We will reproduce 3 different models from the paper:

Model Design Description
M1: Naive RNA TSS ~ Phenotype Community total sum scaled (TSS) abundance of a gene is modeled as a function of phenotype
M2: Within-taxon RNA taxon TSS ~ Phenotype Taxon TSS abundance ofa gene is modeled as a function of phenotype
M4: RNA/DNA ratio TSS(RNA)/TSS(DNA) ~ Phenotype Ratio of TSS RNA to TSS DNA is modeled as a function of phenotype

Filtering strategies

Author test out a few different filtering strategies on the data prior to running the models. We will use semi-strict filtering, and then time permitting, re-run the analysis with strict filtering and compare the results.
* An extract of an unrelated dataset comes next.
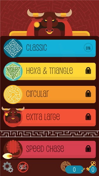 2、这里有三种不同颜色主题的简约复古2D设计,你可以查看各种各样的迷宫形状、大小以及游戏模式。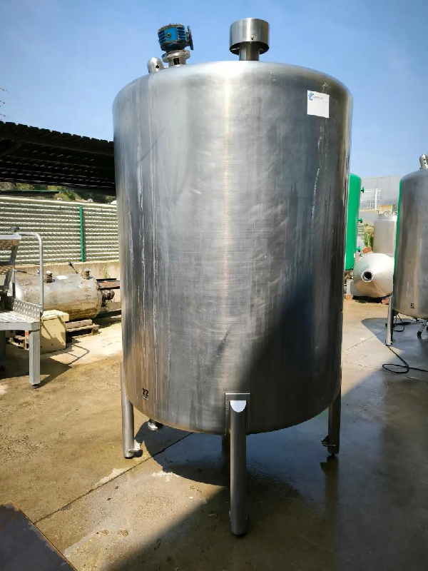 Cuve en acier inoxydable 316 d'une capacité totale de 12 000 litres. Fond supérieur Klopper avec agitation à hélice à différentes hauteurs. Fond inférieur Klopper avec décharge par le bas. Sur 4 pattes. - Référence : E7326

Semi-strict: Remove sample if both transcript abundance and species abundance are 0 (for models M1 and M2) or if both transcript and gene abundance are 0 (for model M4)

Strict: Remove sample if both transcript abundance or species abundance are 0 (for models M1 and M2), or if transcript or gene abundance are 0 (for model M4)
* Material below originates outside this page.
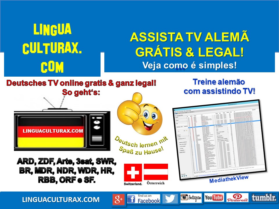 Por M. Fábia P. V. Willems Como assistir TV alemã gratuitamente e totalmente legal? Aproveitando a oportunidade oferecida pelas tvs alemãs na internet. Use a internet para se divertir, mas também aproveite-a para desvendar os segredos da língua alemã e aprender mais sobre a cultura da Alemanha, Áustria e Suíça. A programação oferecida pelos canais“Como„Como assistir TV em alemão grátis & legal – Turbine seu alemão! (TV im Deutsch via Internet schauen & dazu Deutsch lernen – so geht’s)“ weiterlesen

Download the data and code

The easiest way to follow along is to clone this repository and navigate to it in RStudio.

git clone https://github.com/MicrobiologyETHZ/nccr_metat_ws

The data can be found in the datasets/part3 folder. There are 3 files:

  • true-exp.mtx_abunds.tsv.gz contains simulated transcriptomic counts for each gene as well as phenotype information (1 or 0) across 100 samples.
  • true-exp.mgx_abunds.tsv.gz contains metagenomic counts for each gene across 100 samples
  • true-exp.mtx_spiked.tsv.gz contains 'ground truth' information about with genes are diffrentially expressed between the phenotypic groups

Setup

Loading libraries

# Setup

library(tidyverse)
library(stats)
library(stats4)
library(caret)

Loading the data

Here we're loading both metatranscriptomic (METAT) and metagenomic (METAG) abundances. For the Naive RNA (M1) and Within-taxon RNA (M2) models, we will only need the METAT data. For RNA/DNA ratio (M4), we will need both tables.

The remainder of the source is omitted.